**DESCRIPTION OF THE TASK:**
Print the listing below verbatim, passing over each picture.

**PROVIDED DATA:**
********

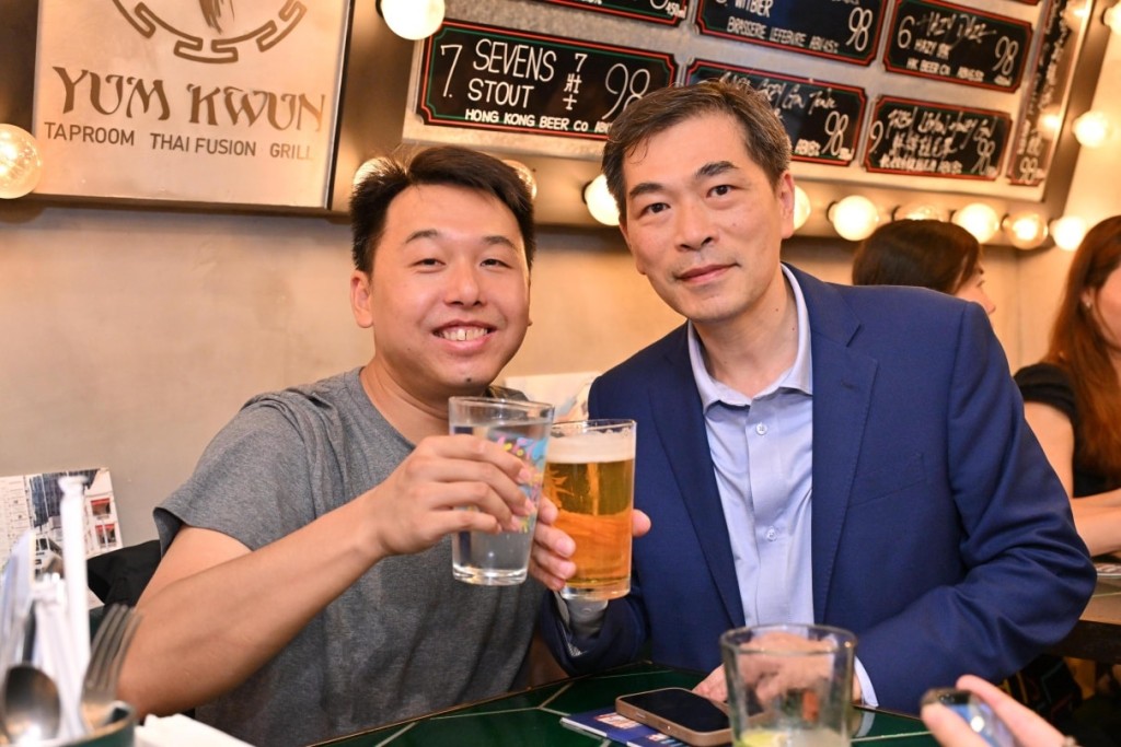 Ricky, Wong Kwong-yiu (Right) drinks with visitors after the DiscoverWanChai walking tour. Wheelock
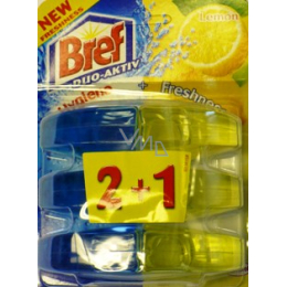 Dzięki opatentowanej technologii podwójnej komory Bref Duo Aktywny toaleta jest jednocześnie czyszczona i odświeżana przy każdym spłukaniu. Lewa komora bloku WC kryje ulepszony niebieski płynny środek czyszczący do WC z jeszcze aktywniejszym składem, który uwalnia się przy każdym spłukaniu do muszli toaletowej, gdzie usuwa zanieczyszczenia i kamień wodny. Z prawej komory jednocześnie uwalnia się intensywny, długotrwały zapach z większą zawartością składnika zapachowego, dzięki czemu całe Twoje WC jest doskonale czyste i pachnące.
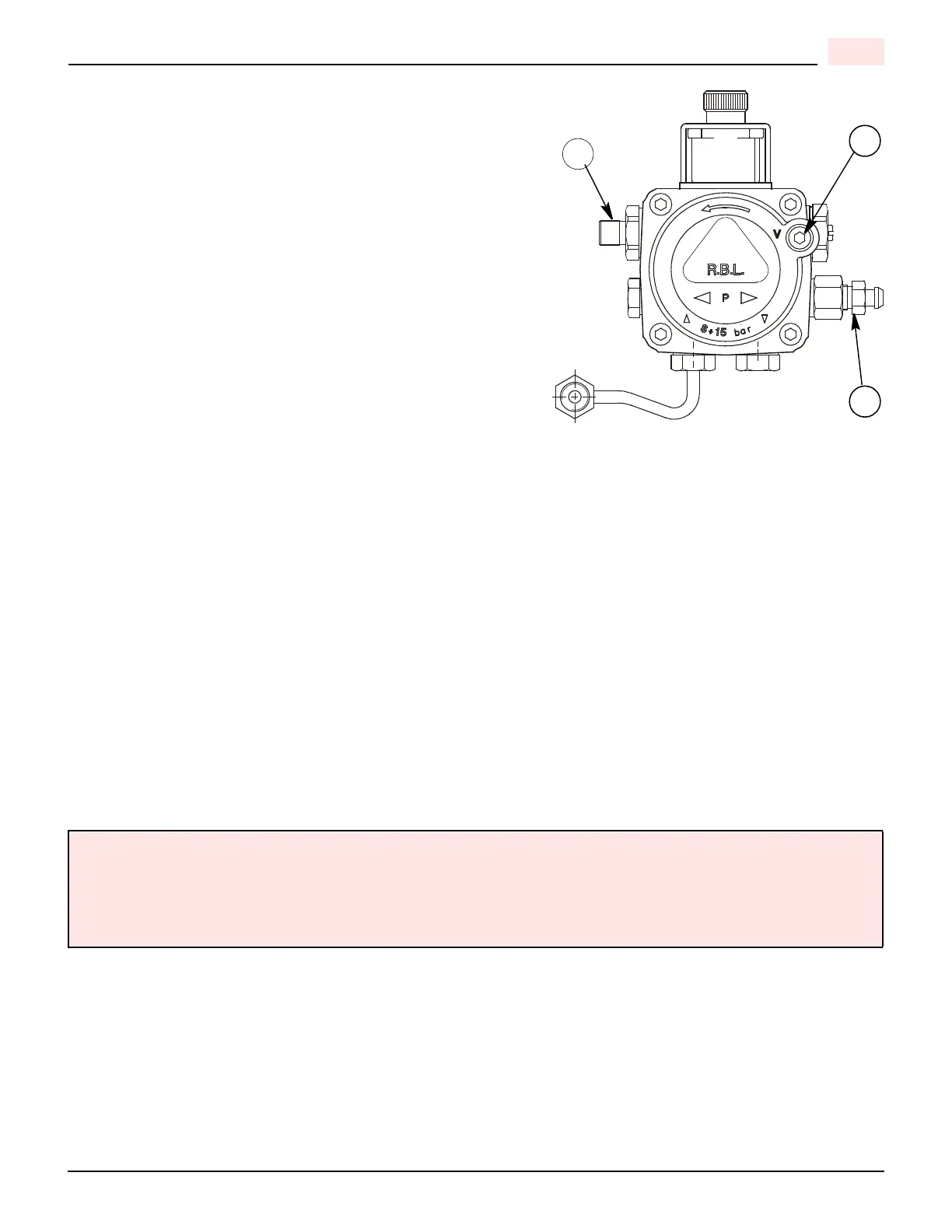 7) Run the burner until the fuel pump has been purged of air, then tighten the bleeder valve and immediately shut down

********

**RESULT OF THE EXERCISE:**
 Ricky, Wong Kwong-yiu (Right) drinks with visitors after the DiscoverWanChai walking tour. Wheelock
 Dzięki opatentowanej technologii podwójnej komory Bref Duo Aktywny toaleta jest jednocześnie czyszczona i odświeżana przy każdym spłukaniu. Lewa komora bloku WC kryje ulepszony niebieski płynny środek czyszczący do WC z jeszcze aktywniejszym składem, który uwalnia się przy każdym spłukaniu do muszli toaletowej, gdzie usuwa zanieczyszczenia i kamień wodny. Z prawej komory jednocześnie uwalnia się intensywny, długotrwały zapach z większą zawartością składnika zapachowego, dzięki czemu całe Twoje WC jest doskonale czyste i pachnące.
 7) Run the burner until the fuel pump has been purged of air, then tighten the bleeder valve and immediately shut down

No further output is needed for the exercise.